Although, the mechanism is not entirely clear, the likely hypothesis is as follows:
*Hypokalemia causes the movement of potassium out of the cells.
*To maintain electric neutrality, H+ ions move into the cells leading to intracellular acidosis (cellular ph decreases).
*This triggers the conversion of glutamine in the proximal tubule, to NH4+ and bicarbonate.
*Ammonia (NH3+ and NH4+) is selectively, either excreted in the urine or returned to the renal venous circulation (~25-45%).
*Ammonia, that subsequently enters portal circulation, is not metabolized by the cirrhotic liver, therefore likely to precipitate encephalopathy.
Conversely, high potassium levels may be protective by reducing the risk of hepatic encephalopathy. Although, somewhat speculative, this may happen in two ways
- Hyperkalemia may decrease total ammonia production in the proximal tubule by increasing intracellular ph and thereby impairing ammoniagenesis.

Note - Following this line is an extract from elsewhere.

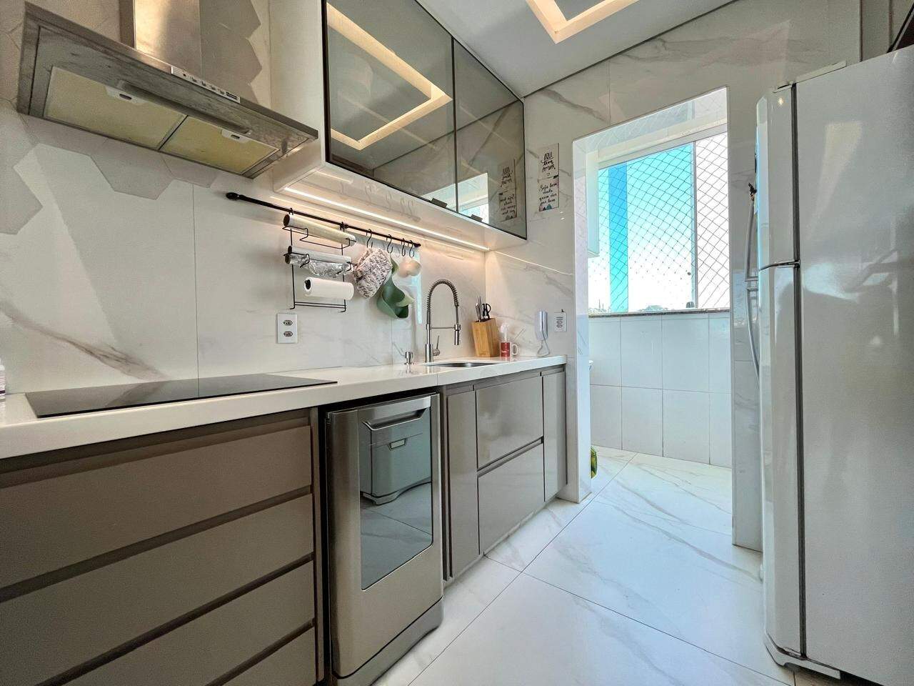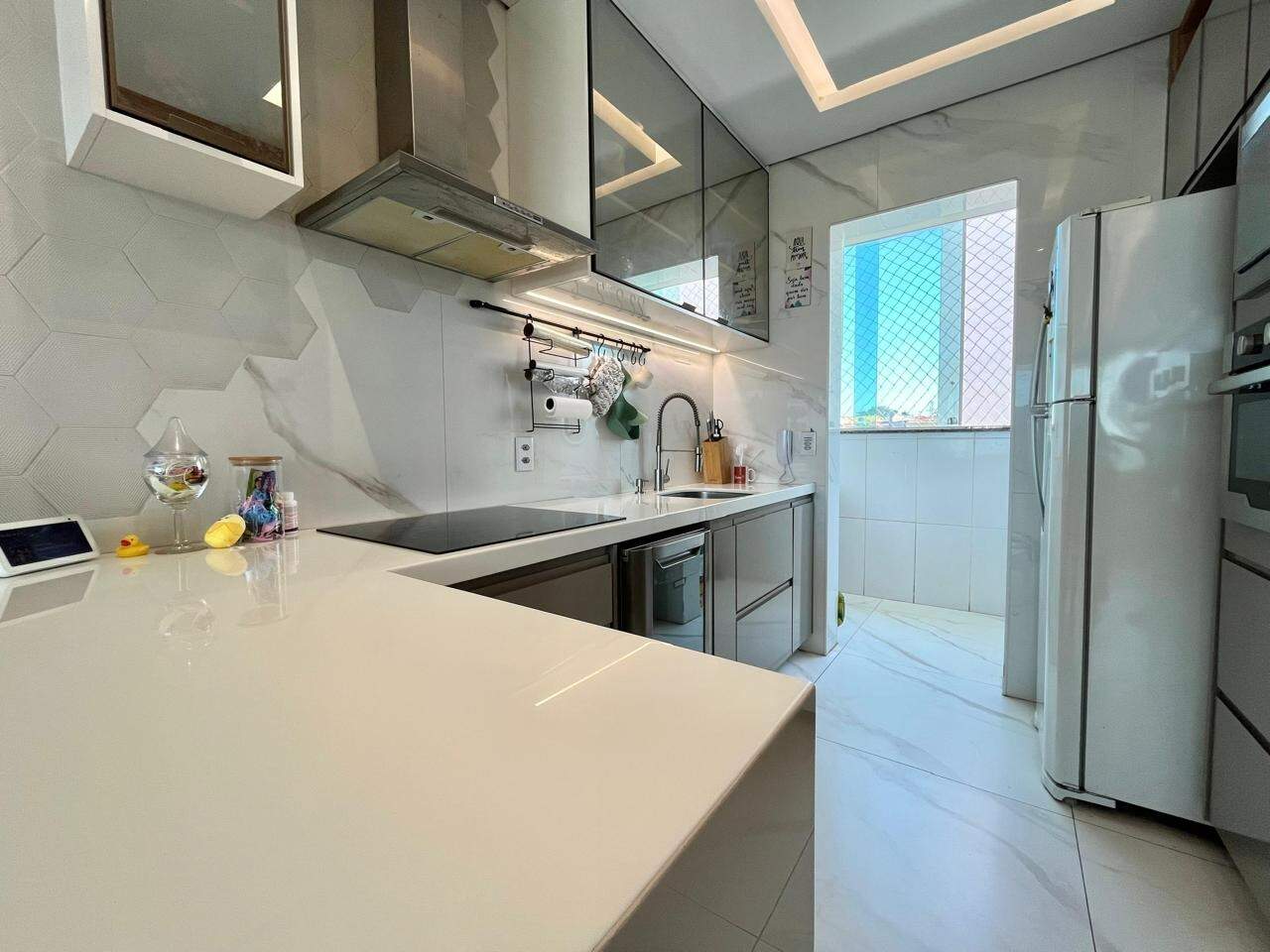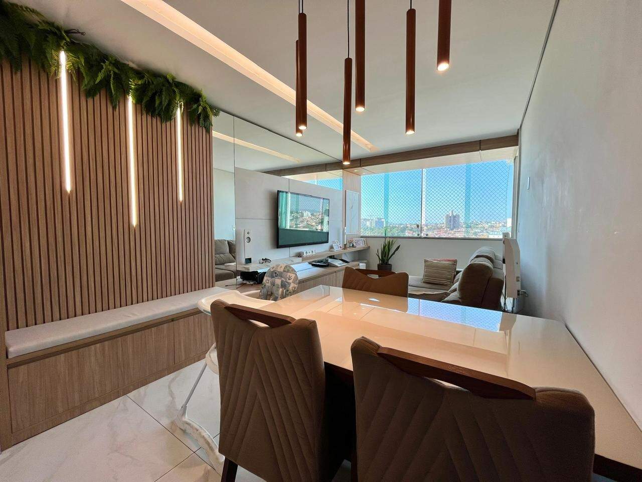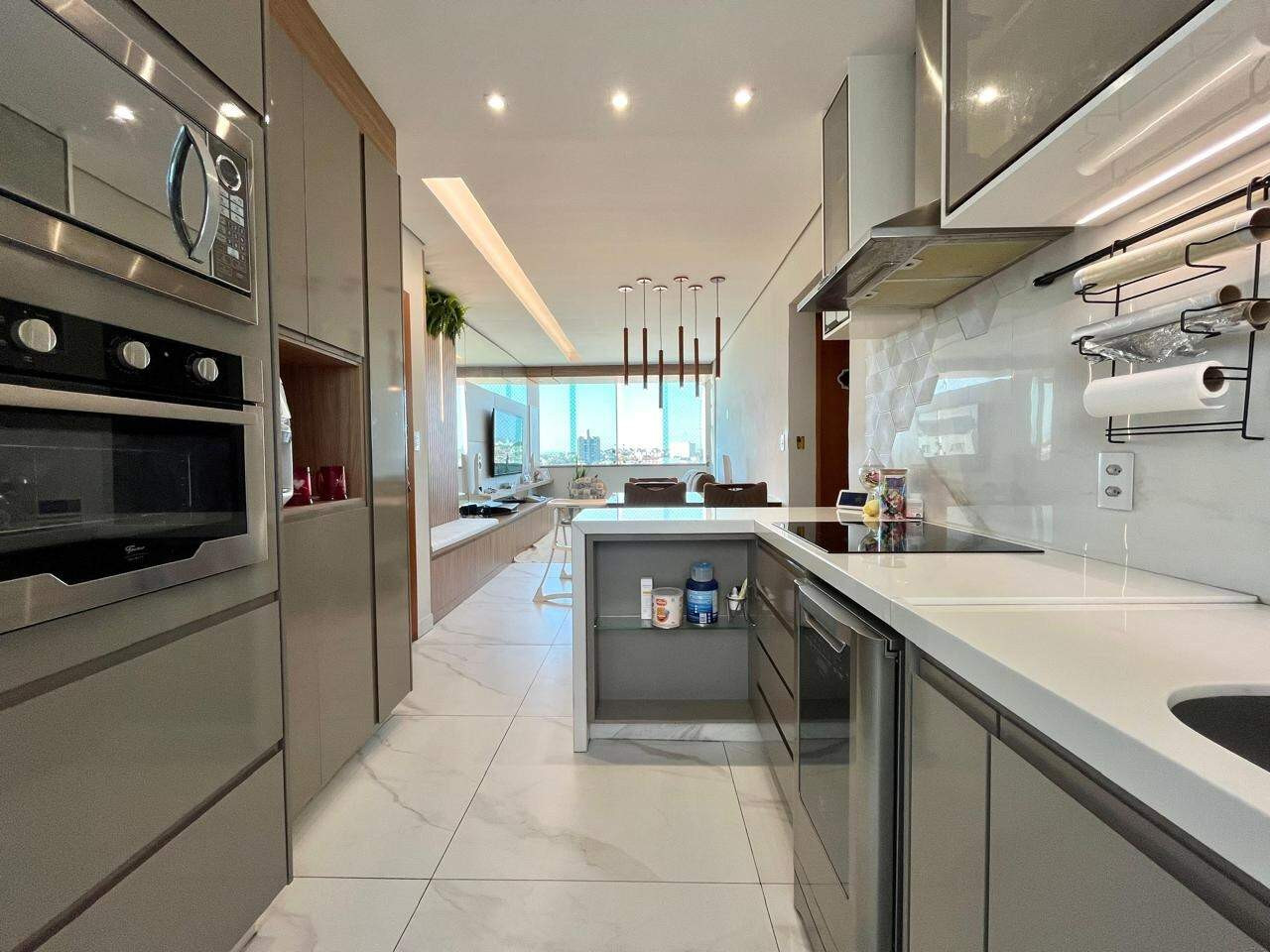 - Ampla sala integrada com a cozinha americana, rebaixamento do teto em gesso e porcelanato ;

- Potassium competes with NH4+ for absorption by the NKCC2 transporter at the thick ascending limb of loop of henle, thereby reducing ammonia accumulation (read ammonia trapping) in the medullary interstitium and hence less ammonia available for absorption in the systemic circulation.
In an interesting study done by Zavagli et al, patients with higher potassium levels (5.4-5.5 meq/l) had a much better survival and less hepatic encephalopathy episodes as compared to patients with lower potassium levels (3.4-3.5meq/l).
While I certainly do not recommend ignoring severe or symptomatic hyperkalemia in liver cirrhosis patients, educating physicians about aggressive correction of hypokalemia, rather than mild hyperkalemia, may serve these patients best.